Top of RECORDS PROVIDED

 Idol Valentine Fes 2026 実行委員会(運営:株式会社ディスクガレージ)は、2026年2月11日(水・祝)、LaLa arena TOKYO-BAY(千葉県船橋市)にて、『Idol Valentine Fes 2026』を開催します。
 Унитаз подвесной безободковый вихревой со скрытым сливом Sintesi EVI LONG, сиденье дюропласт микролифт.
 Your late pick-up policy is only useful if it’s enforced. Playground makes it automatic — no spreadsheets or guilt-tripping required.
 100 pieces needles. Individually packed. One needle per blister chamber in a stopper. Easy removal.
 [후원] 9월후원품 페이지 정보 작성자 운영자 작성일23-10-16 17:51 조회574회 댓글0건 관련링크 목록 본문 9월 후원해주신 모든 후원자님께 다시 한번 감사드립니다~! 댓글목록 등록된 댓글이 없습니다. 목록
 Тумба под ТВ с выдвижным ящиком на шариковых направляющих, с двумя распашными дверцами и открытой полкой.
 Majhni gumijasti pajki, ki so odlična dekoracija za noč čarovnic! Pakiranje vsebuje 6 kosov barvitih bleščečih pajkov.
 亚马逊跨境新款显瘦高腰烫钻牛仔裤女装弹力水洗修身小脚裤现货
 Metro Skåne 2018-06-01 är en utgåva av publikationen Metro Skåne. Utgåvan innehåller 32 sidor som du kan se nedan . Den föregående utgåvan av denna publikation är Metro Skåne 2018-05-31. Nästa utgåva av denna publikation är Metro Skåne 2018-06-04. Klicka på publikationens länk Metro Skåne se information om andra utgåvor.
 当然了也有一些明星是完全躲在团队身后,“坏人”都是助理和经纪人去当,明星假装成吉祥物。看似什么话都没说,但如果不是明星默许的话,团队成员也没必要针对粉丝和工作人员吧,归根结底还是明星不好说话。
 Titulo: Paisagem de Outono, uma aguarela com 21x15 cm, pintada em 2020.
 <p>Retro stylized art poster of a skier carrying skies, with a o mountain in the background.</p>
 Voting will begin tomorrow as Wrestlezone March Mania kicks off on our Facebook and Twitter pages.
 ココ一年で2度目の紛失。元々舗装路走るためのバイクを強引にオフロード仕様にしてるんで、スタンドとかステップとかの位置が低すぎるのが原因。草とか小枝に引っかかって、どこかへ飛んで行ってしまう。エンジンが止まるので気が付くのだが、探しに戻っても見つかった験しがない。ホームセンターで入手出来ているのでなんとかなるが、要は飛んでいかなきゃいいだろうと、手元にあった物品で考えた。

Bottom of RECORDS PROVIDED

[TASK GOAL]: For this exercise, please output exactly the lines above starting at the line with "<p>Retro stylized art" and ending at the line with "Voting will begin", ends included.

[TASK RESPONSE]:
 <p>Retro stylized art poster of a skier carrying skies, with a o mountain in the background.</p>
 Voting will begin tomorrow as Wrestlezone March Mania kicks off on our Facebook and Twitter pages.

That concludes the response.